Mr Mason, a permanent fixture in the booms and busts of the British post-war property scene, will be replaced by Geoffrey Maitland Smith, chairman of Sears, who has been a non-executive director for three years. Ronald Spinney, who resigned as deputy chairman and joint managing director of Greycoat in February 1992, becomes chief executive.
The changes come just four months after Mr Mason, 72, said he intended to stay in his post until at least the end of 1994 to allow him to bed down a successor for Mr Parry, who was due to retire when he reached 60 next March.
Yesterday, however, Mr Parry said that the search for his replacement had been under way for a year.
Hammerson has been the subject of persistent bid speculation in recent months. There have also been suggestions that Standard Life, which saved it from a pounds 1.3bn bid by Rodamco four years ago and still holds a 23.6 per cent stake, is dissatisfied and would be prepared to sell to a bidder.
Hammerson denied that the management changes were due to pressure from investors, while David Simpson, a director of Standard Life, said: 'Obviously the change is a matter for the board.'
But he added that the knowledge that Mr Parry was retiring meant there was 'a hole in the management, which was worrying. We are glad it has now been filled.'
The changes were welcomed in the City, where there has been growing concern about Hammerson's ability to recover from the property slump. Although there is widespread admiration for Mr Mason - who created the company after joining up with Lew Hammerson in 1949 - his age and Mr Parry's imminent retirement meant there was a growing desire for a change of management.

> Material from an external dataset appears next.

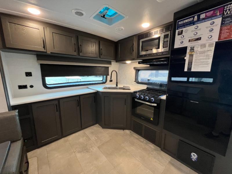 Each Rockwood Ultra Lite travel trailer by Forest River includes superior construction with a high gloss front cap, laminated white fiberglass sidewalls, and tinted frameless windows for a sleek look. The torsion axle, Rubber-Ryde suspension will make towing smooth and hassle-free, along with the nitrogen filled, Goodyear Endurance tires and the tire pressure monitor system. Interior comforts include designer kitchen backsplash, solid wood cabinet doors with hidden hinges, and night roller shades to name a few. Choose a Rockwood Ultra Lite travel trailer today!
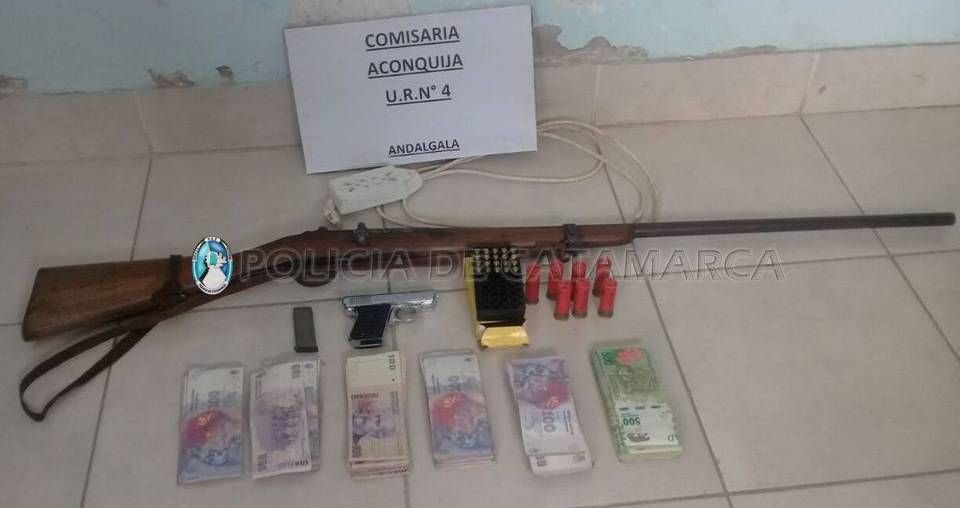 En el lugar, los uniformados recuperaron $90.000 en efectivo, una pistola calibre 22 marca Sundance, veinte municiones del mismo calibre, una escopeta calibre 16 marca GEBR con siete cartuchos y un prolongador de corriente, que fueron sustraídos el 5 de julio de una vivienda ubicada en el paraje Condor Huasi, departamento Andalgalá.

Mr Spinney, one of the co-founders of Greycoat, is widely respected in the City despite the fact that his former company has been severely affected by the recession.
His departure was believed to be both to save management overheads and because his skills are in development, which Greycoat could no longer afford.
Mr Maitland Smith, who will take up his post at the annual meeting in June, said Mr Spinney's first task would be to conduct a three-month review of the company covering the geographical spread, the mix of property types and the local management. This will form the base for a strategic plan for the group's future.
He pointed out that the average size of investment is far larger at Hammerson than its rivals, with about 80 properties accounting for the pounds 1.6m portfolio. 'That gives ease of management, but there is a difficulty in being flexible,' he said.
The effect of the recession on Hammerson was demonstrated in the results for 1992, also released yesterday, which showed pre-tax profits down 44 per cent at pounds 55.5m and earnings per share halved to 11p. The final dividend was cut from 17p to 6.5p making a total of 10p (20.5p).
Net asset value also slumped 30 per cent to 445p as a property revaluation wiped pounds 380m off its portfolio. Worst affected was Canada, which accounts for a quarter of its assets.
Borrowings rose pounds 21m to pounds 845m despite pounds 188m of disposals, partly due to sterling's devaluation. That, coupled with the fall in asset value, pushed gearing up from 78 to 114 per cent. The shares closed 23p down at 331p.